RECORDS FOR THE TASK: Begin
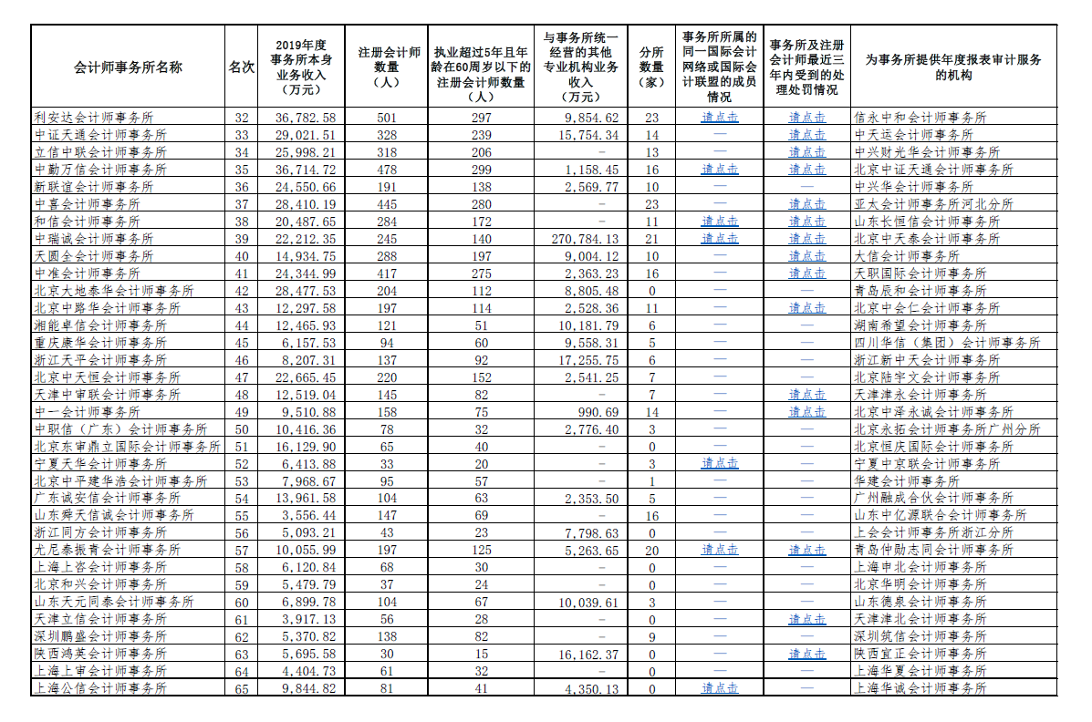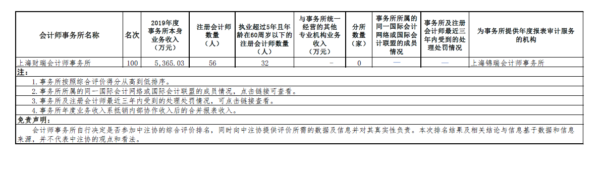 中国注册会计师协会发布《2019年度综合评价前100家会计师事务所信息》
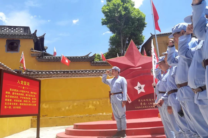 上午9時,全體黨員、預備黨員、發(fā)展對象、入黨積極分子等近50人整裝出發(fā),乘車前往120公里外的丹桂紅軍村。這個看起來不起眼的小村莊,見證了中央紅軍巧渡金沙江的偉大壯舉,也見證了中國革命史上的一次重大轉(zhuǎn)折。抵達目的地后,大家身著戎裝,英姿颯爽地走進丹桂紅軍村,開始了這場紅色之旅。
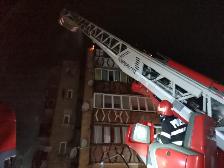 Incendiul s-a manifestat cu violență, generalizat, pe o suprafață de aproximativ 400 mp la nivelul acoperișului blocului.
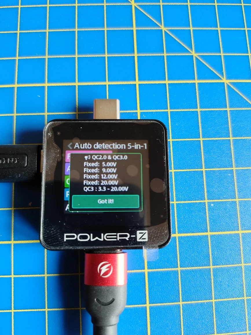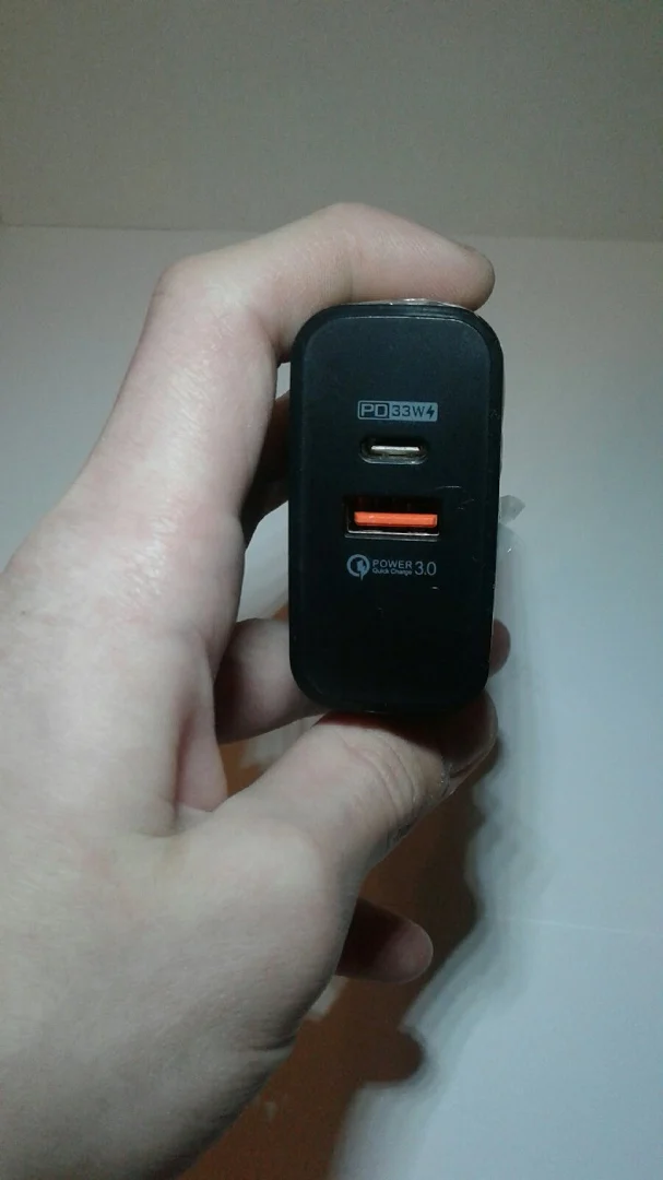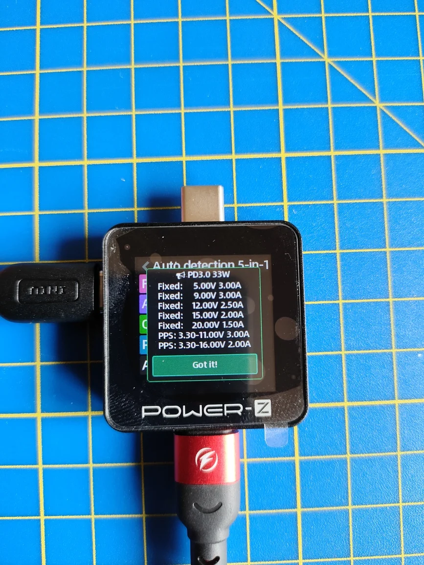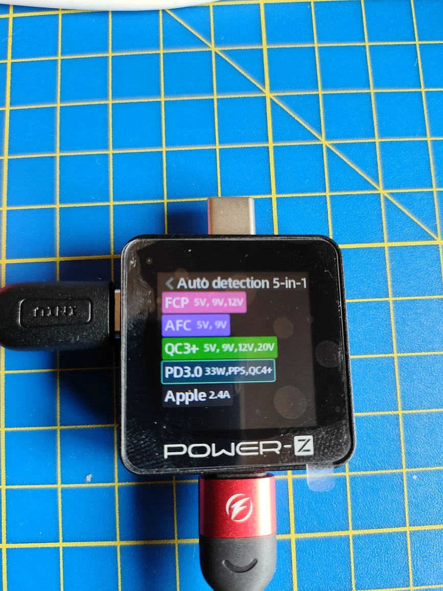 Зарядное устройство работает так, как ожидалось и заявлено. Он обеспечивает 33 Вт с PD 3,0 (11 вольт при 3,3 ампер). Результат, который вы видите на фотографиях, сделан с другим кабелем, так как оригинальный работает, но он не распознан тестером питания Z KM0002C.
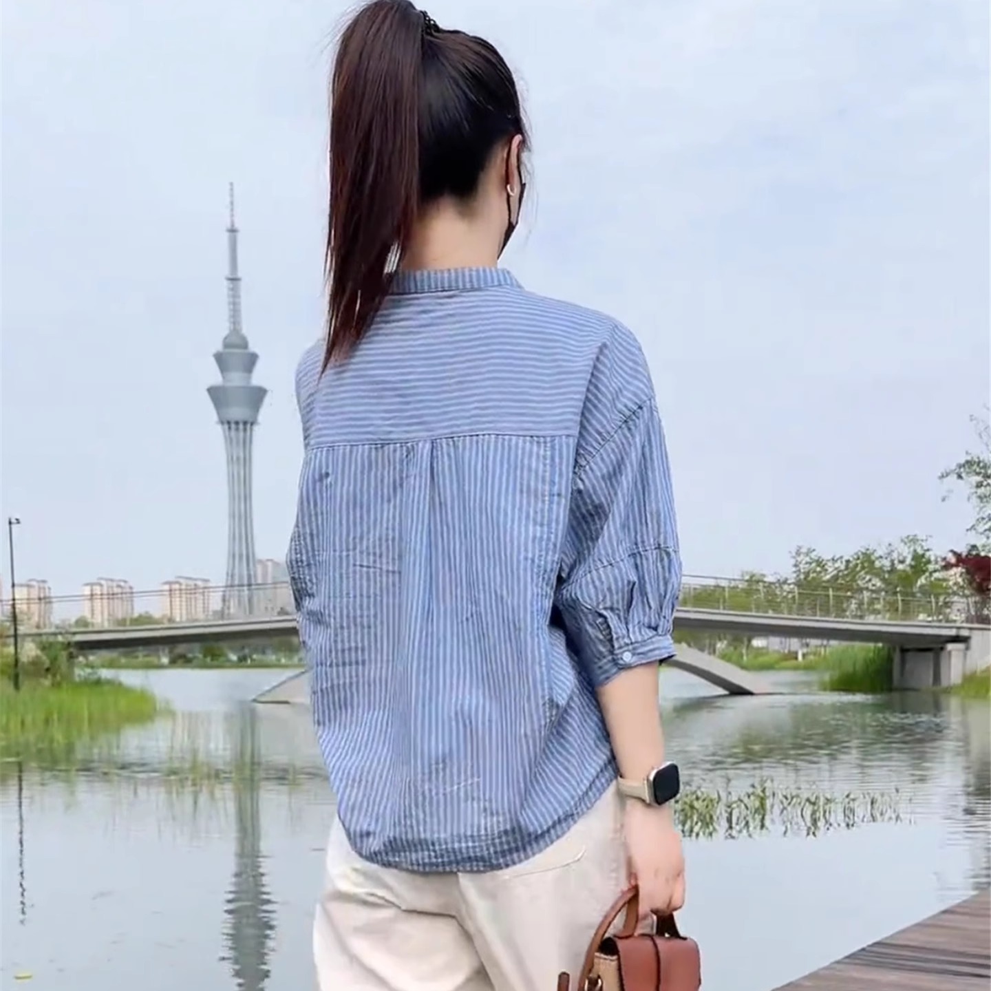 条纹衬衫 韩版 女上衣薄款 新款 宽松高级感小个子衬衣 2025夏季 法式
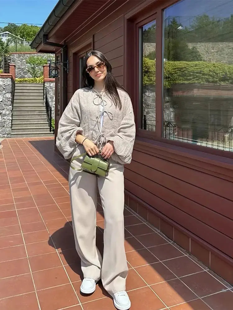 2 Elegant Design: The round neck and flare sleeves provide a touch of femininity, while the loose fit ensures maximum comfort.
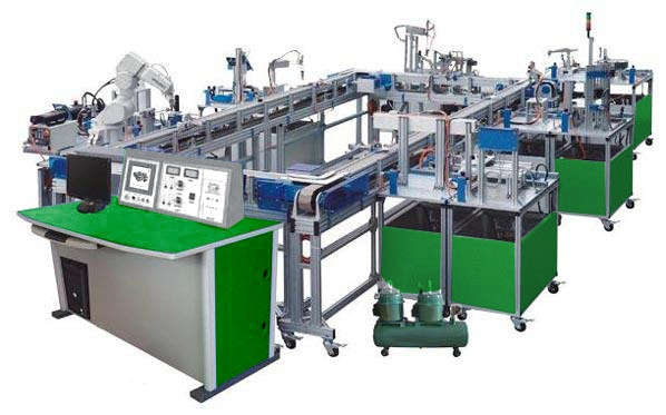 該系統(tǒng)可配置機(jī)械傳動(dòng)裝置上料,四軸機(jī)器人模擬搬運(yùn),六軸機(jī)器人模擬裝配,機(jī)器視覺定位引導(dǎo),直角坐標(biāo)機(jī)器人碼垛產(chǎn)品,各工作站間通過中間循環(huán)過渡輸送線體連通,多種工業(yè)機(jī)器人協(xié)同作業(yè),共同完成了產(chǎn)品的整個(gè)生產(chǎn)過程。該教學(xué)實(shí)訓(xùn)系統(tǒng)的每個(gè)工作站既能獨(dú)立完成特定的功能訓(xùn)練,又能連成一條完整的生產(chǎn)線作為系統(tǒng)集成應(yīng)用訓(xùn)練,集成了PLC編程技術(shù)、氣動(dòng)技術(shù)、傳感視覺技術(shù)、伺服技術(shù)、變頻器技術(shù)、工業(yè)機(jī)器人技術(shù)、現(xiàn)場(chǎng)總線技術(shù)、電機(jī)控制技術(shù)、機(jī)械傳動(dòng)技術(shù)等,可再現(xiàn)柔性自動(dòng)化生產(chǎn)的整套工藝流程。
RECORDS FOR THE TASK: End
### [DESCRIPTION OF THE TASK]
Give back exactly the lines from the opening of the listing through the line holding "2 Elegant Design: The", both ends included, with every picture omitted.

### [TASK ANSWER]
 中国注册会计师协会发布《2019年度综合评价前100家会计师事务所信息》
 上午9時,全體黨員、預備黨員、發(fā)展對象、入黨積極分子等近50人整裝出發(fā),乘車前往120公里外的丹桂紅軍村。這個看起來不起眼的小村莊,見證了中央紅軍巧渡金沙江的偉大壯舉,也見證了中國革命史上的一次重大轉(zhuǎn)折。抵達目的地后,大家身著戎裝,英姿颯爽地走進丹桂紅軍村,開始了這場紅色之旅。
 Incendiul s-a manifestat cu violență, generalizat, pe o suprafață de aproximativ 400 mp la nivelul acoperișului blocului.
 Зарядное устройство работает так, как ожидалось и заявлено. Он обеспечивает 33 Вт с PD 3,0 (11 вольт при 3,3 ампер). Результат, который вы видите на фотографиях, сделан с другим кабелем, так как оригинальный работает, но он не распознан тестером питания Z KM0002C.
 条纹衬衫 韩版 女上衣薄款 新款 宽松高级感小个子衬衣 2025夏季 法式
 2 Elegant Design: The round neck and flare sleeves provide a touch of femininity, while the loose fit ensures maximum comfort.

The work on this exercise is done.